Named after the Mexican actress, Lupe Vélez, Lupe was born in the barrio of San Pedrito in Santiago de Cuba to Tirso Yolí Michel and Paula Raimond Soler. Lupe had an older sister named Norma Yolí, named after the silent actress, Norma Talmage and a younger brother, Rafael Yolí, better known as “Tito” who was named after Mexican singer and actor Rafael Baledón. Her father was a worker at the local Bacardí distillery and a major influence on her early life. In 1945, Tirso and Paula divorced causing the introduction of her new stepmother Rosa, who treated Lupe very poorly in her childhood and as she grew older. In 1954 she participated on a radio program which invited fans to sing imitations of their favorite stars. Lupe decided to skip school to sing a bolero of Olga Guillot called "Miénteme" (Lie to Me), and won the competition. Guillot eventually wound up introducing Lupe in a program where she would tell later tell her “Forget Olguita Guillot, Look for your style, Look for your personality”. The family moved to Havana in 1955, where she was enrolled at the University of Havana to become a teacher. She admired Celia Cruz and like her, she graduated from teaching instruction before starting her professional singing career.

Lupe married in 1958 and formed a musical trio with her husband Eulogio "Yoyo" Reyes and another female singer, Tina. This group, Los Tropicuba, broke up along with her marriage in 1960. She began to perform her own act at a small nightclub in Havana, La Red (The Net), which had a clientele of distinguished foreigners. She acquired a devoted following, which included Ernest Hemingway, Tennessee Williams, Jean-Paul Sartre, Simone de Beauvoir and Marlon Brando. She recorded her first album, Con el diablo en el cuerpo, in 1960 for Discuba, the Cuban subsidiary of RCA Victor. On the album she was backed by two different groups directed by Felipe Dulzaides and Eddy Gaytán. Her first television appearance on Puerto Rican television caused a stir due to her frenzied, vibrant performance, which reportedly shocked some viewers.

===Exile to New York===
In January 1962, she left Cuba alongside her representative and alleged boyfriend, Pedro Pacheco to fulfill a contract in Mexico. She approached Celia Cruz and asked for her support to get work, and in turn, Celia recommended her to Mongo Santamaría in New York. Lupe would later travel to Miami working in various nightclubs. She collected $400 and bought a used car and traveled to New York City, Lupe performed at a cabaret named La Berraca and started a new career, making more than 10 records in five years.

===Mainstream success===
Lupe's passionate performances covered the range of music: son montuno, bolero, boogaloo, venturing into other Caribbean styles like Dominican merengue, Puerto Rican bomba and plena. It was her recordings which brought Tite Curet Alonso into prominence as a composer of tough-minded boleros in the salsa style. For a good part of the 1960s she was the most acclaimed Latin singer in New York City due to her partnership with Tito Puente. She did a wide variety of cover versions in either Spanish or accented English, including "My Way", "Yesterday", "Dominique" by The Singing Nun, "Twist & Shout", "Unchained Melody", "Fever" and "America" from West Side Story. Fred Weinberg, who was her favorite audio engineer, and also worked with Celia Cruz, Mongo Santamaria, Tito Puente, and many more of the Latin American greats called Lupe "a talent hurricane" in the studio due to her intense singing and enthusiasm. In October 1967, she was voted as the ‘Queen of Latin Soul’ by the people of New York in an event organized by Symphony Sid.

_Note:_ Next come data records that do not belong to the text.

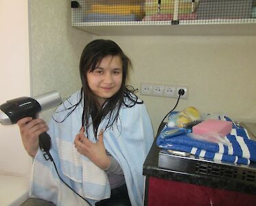 Nach dem Duschen stehen sie oft lange vor dem Spiegel, föhnen ihre Haare, betrachten sich von allen Seiten. Nach unserem Duschtag fühlen sich unsere Gäste viel besser.
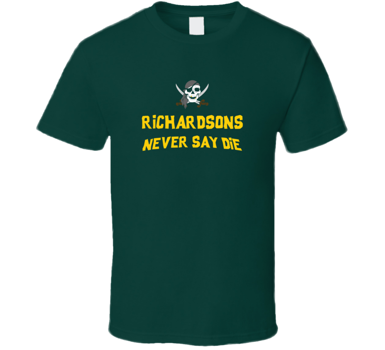 Order your very own The Richardson Family Never Say Die The Goonies Movie Tribute T Shirt. It won’t be around forever so buy yours here today! Shop our huge selection of high quality, graphic apparel. Each design is offered on a variety of sizes and styles including; t shirts, hoodies, aprons and even baby one-pieces! This product is pre-treated to ensure quality and longevity of the graphic.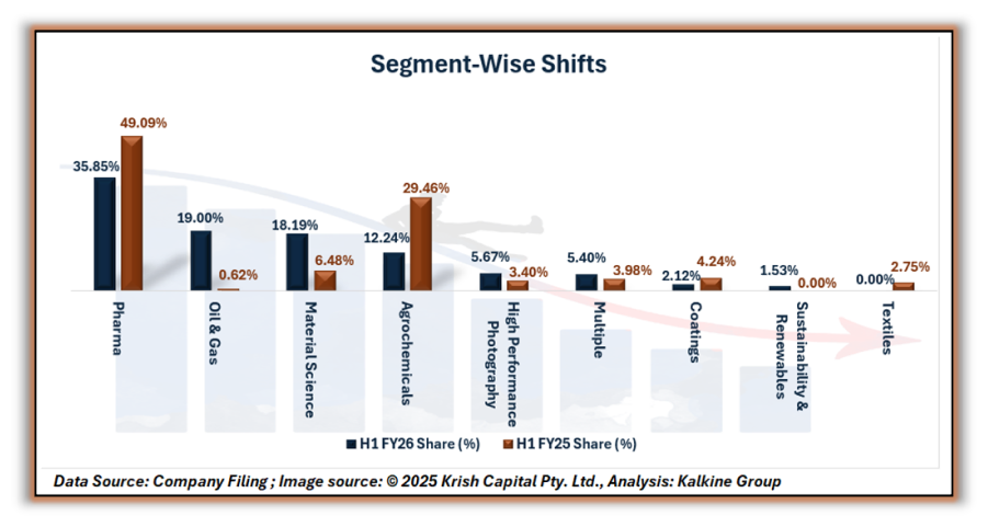 Pharma, historically the largest segment, contributed 35.85% of revenue in H1 FY26, down from 49.09% in H1 FY25. Notably, Oil & Gas and Material Science showed significant growth, contributing 19% and 18.19% respectively. Agrochemicals’ share reduced to 12.24%, while Sustainability & Renewables emerged as a new segment with 1.53% contribution. High Performance Photography, Coatings, and Multiple segments further underscore the company’s expanding product portfolio and strategic diversification.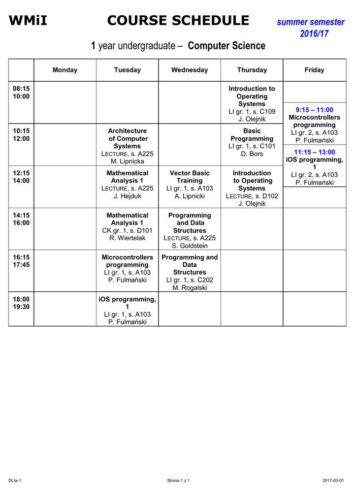 WMiI COURSE SCHEDULE summer semester 2016/17 1 year undergraduate – Computer Science Monday Tuesday Wednesday 08:15 10:00 10:15 12:00 Introduction to Operating Systems LI gr. 1, s. C109 J. Olejnik Architecture of Computer Systems LECTURE, s. A225 M. Lipnicka Basic Programming LI gr. 1, s. C101 D. Bors 12:15 14:00 Mathematical Analysis 1 LECTURE, s. A225 J. Hejduk Vector Basic Training LI gr. 1, s. A103 A. Lipnicki 14:15 16:00 Mathematical Analysis 1 CK gr. 1, s. D101 R. Wiertelak Programming and Data Structures LECTURE, s. A225 S. Goldstein 16:15 17:45 Microcontrollers programming LI gr. 1, s. A103 P. Fulmański Programming and Data Structures LI gr. 1, s. C202 M. Rogalski 18:00 19:30 iOS programming, 1 LI gr. 1, s. A103 P. Fulmański DLIa-1 Thursday Strona 1 z 1 Introduction to Operating Systems LECTURE, s. D102 J. Olejnik Friday 9:15 – 11:00 Microcontrollers programming LI gr. 2, s. A103 P. Fulmański 11:15 – 13:00 iOS programming, 1 LI gr. 2, s. A103 P. Fulmański 2017-03-01
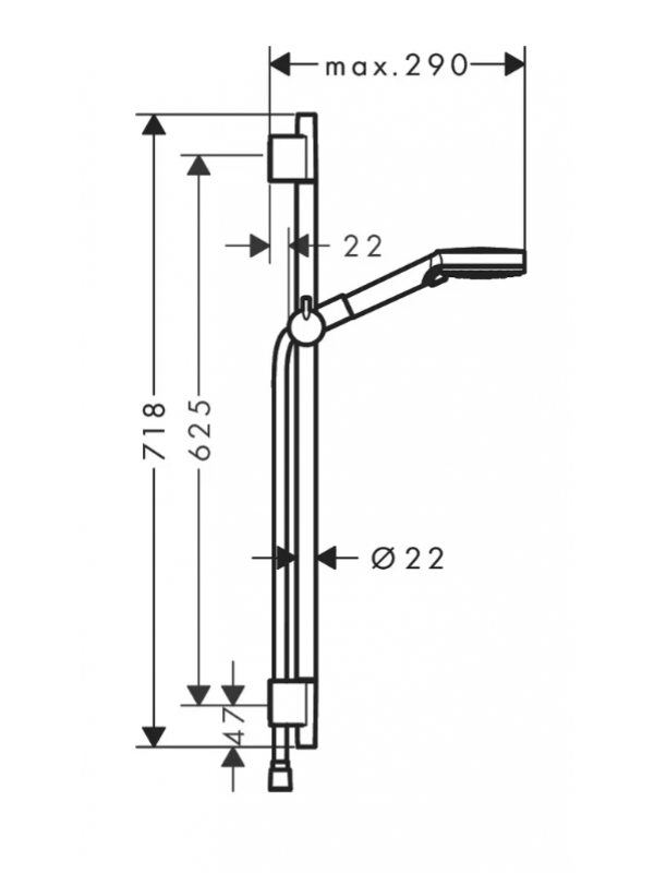 Zidni nosači su od plastike, razmak bušenja 625mm
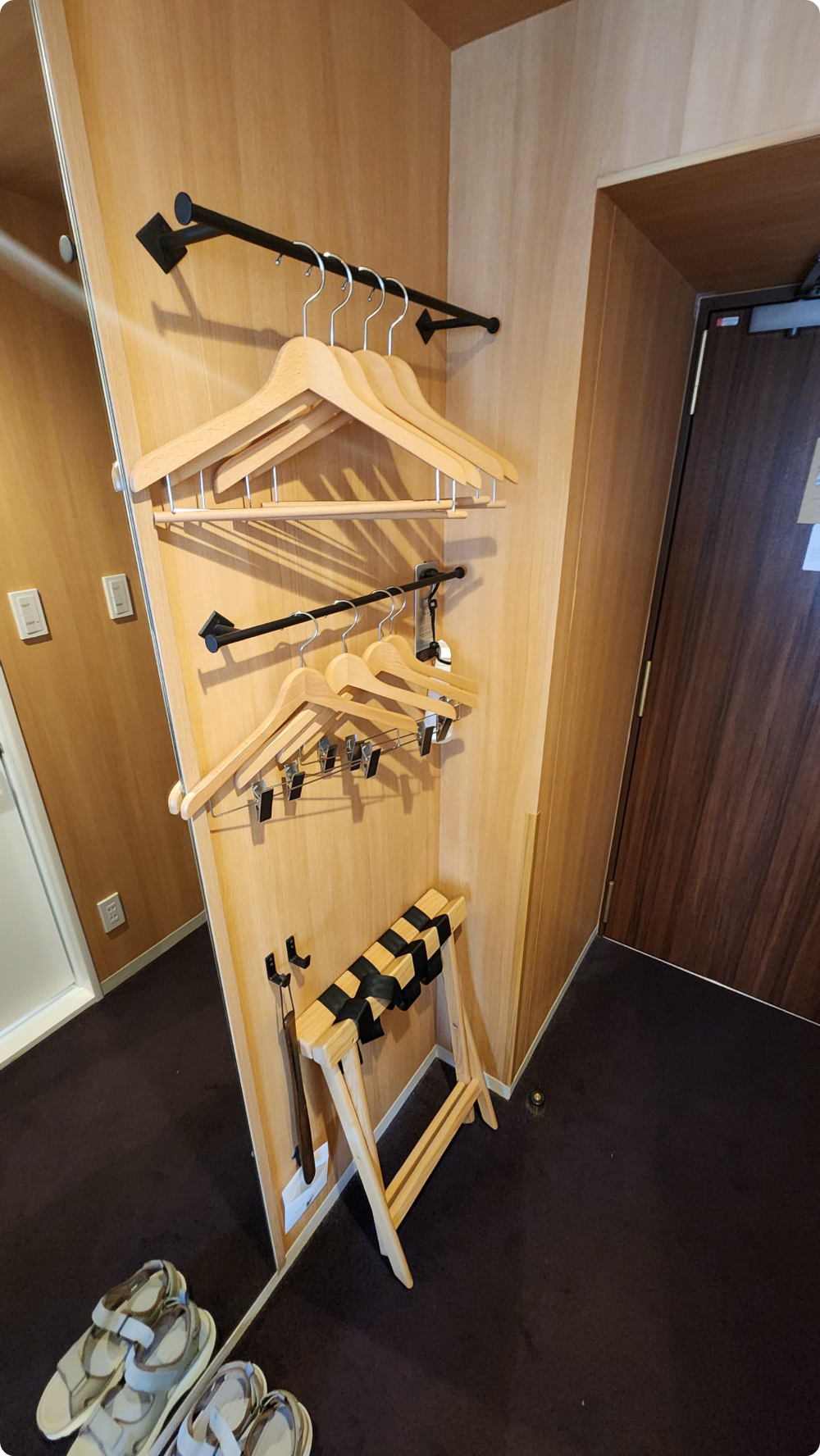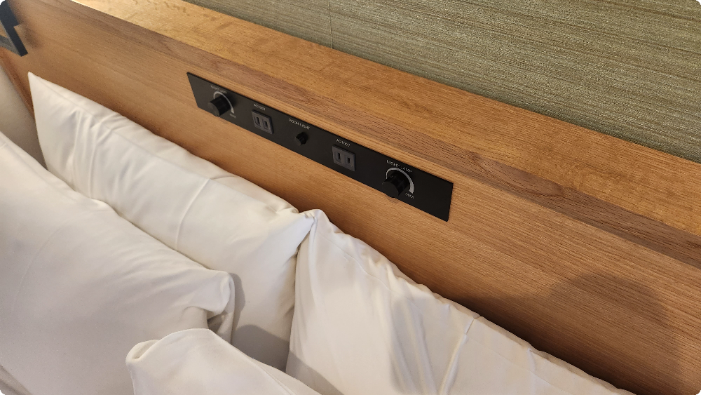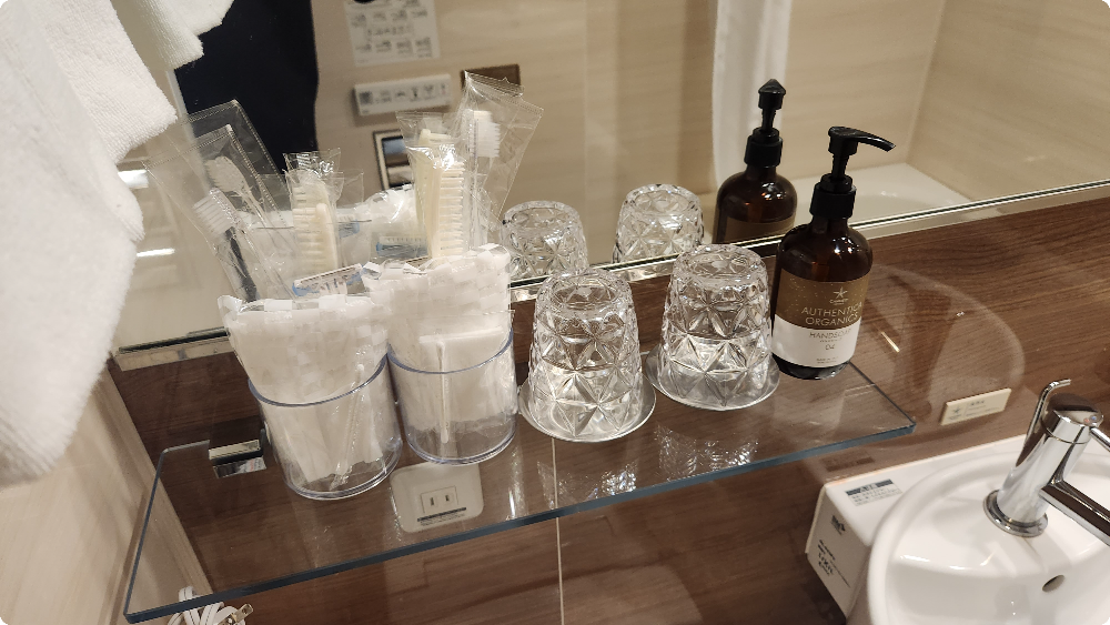 콘센트가 침대쪽에도 있어서 사용하기 편리했고, 옷걸이도 충분히 제공됩니다. 옷걸이 뒤쪽에 살 안보이지만 탈취제가 비치되어 있어 잘 사용했습니다. 욕실은 대욕장이 있기 때문에 사용하지는 않았지만 욕조도 있습니다.
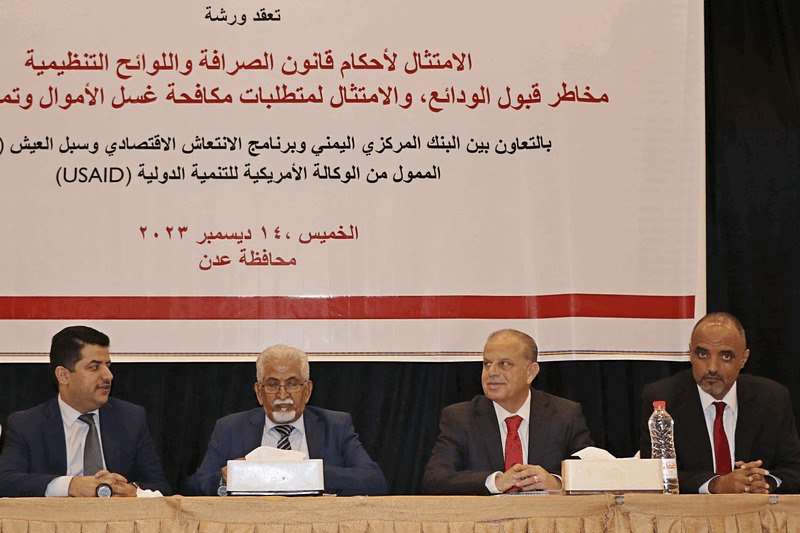 نظم البنك المركزي اليمني في العاصمة عدن اليوم الخميس ورشة عمل للمدراء التنفيذيين لشركات الصرافة العاملة في اليمن حول الامتثال لأحكام قانون الصرافة واللوائح التنظيمية، ومخاطر قبول الودائع، والامتثال لمتطلبات مكافحة غسل الأموال وتمويل الإرهاب.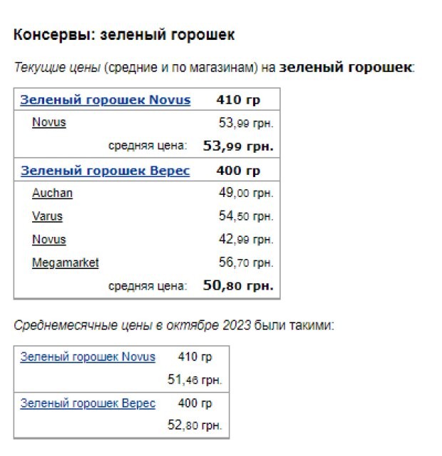 Для порівняння, ця ж 400-грамова баночка у жовтні коштувала 52,80 гривні. У листопаді 2022 року середній цінник на цей горошок становив 37,66 гривні.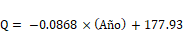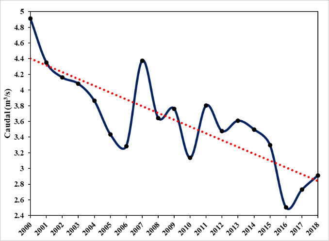 La tendencia anual del caudal medio anual (Q) en la microcuenca, desde el año 2000 al 2018, sigue el comportamiento del modelo determinado por la Fórmula 1, conforme se muestra en la Figura 10. En el año 2000 el valor medio del caudal fue de 4.33 m./s y en el 2018 fue de 2.77 m./s. Siguiendo el comportamiento de la línea de tendencia anual, desde el 2000 al 2018, el caudal medio anual de salida disminuyó en 1.56 m./s, equivalente al 36.1% con respecto a su valor inicial, en 19 años, lo cual justifica una variación considerable de algunos parámetros hidrológicos y climáticos, como la disminución de la precipitación, el incremento de la temperatura superficial del suelo, el aumento de la evapotranspiración, la disminución de la cobertura nival o el incremento de la temperatura máxima del aire en la microcuenca Apacheta.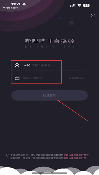 3、输入手机号、验证码后,点击验证登录即可完成。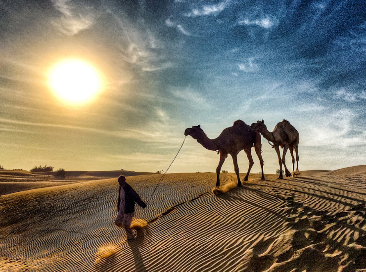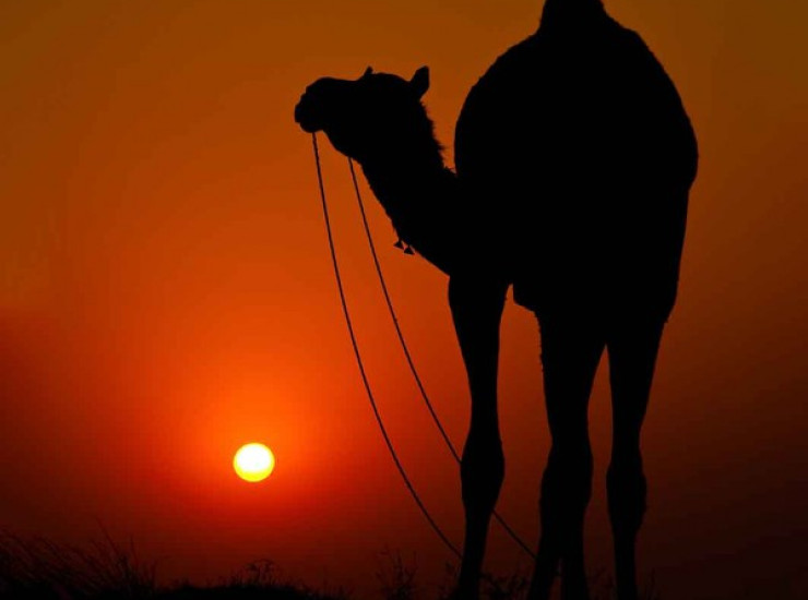 Закат или восход солнца с верблюдом в пустыне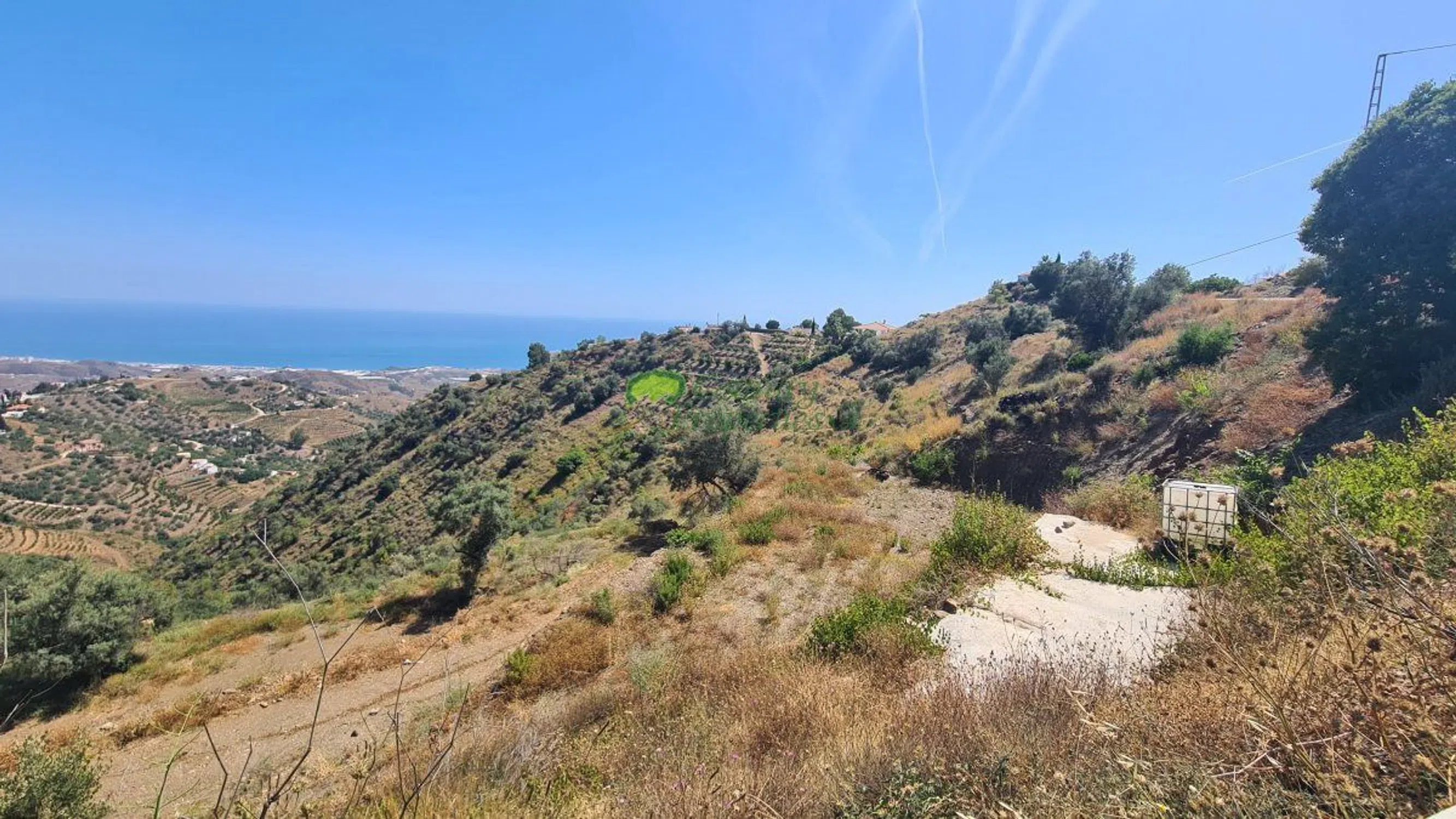 Parcela orientada al sur con bonitas vistas al campo y hacia el mar Mediterráneo. La parcela está situada en una posición elevada, justo al lado de un carril hormigonado y a 12 minutos en coche del pueblo de Sayalonga. La parcela tiene aproximadamente 2.914 m2 y ya hay electricidad conectada y el agua se suministra desde un pozo privado. Este terreno podría ser el lugar perfecto para plantar árboles frutales, arbustos etc. mientras disfruta del campo de Sayalonga.

Lupe gained mainstream exposure through appearances on popular American television programs, including The Merv Griffin Show, The David Frost Show, The Mike Douglas Show and The Dick Cavett Show. Lupe also had concerts at the Carnegie Hall on June 14, 1969 and later on May 24, 1974 for the Tico Alegre All Stars concert. Lupe was also a frequent performer and headliner at Madison Square Garden for Richard Nader and his many successful latin festivals.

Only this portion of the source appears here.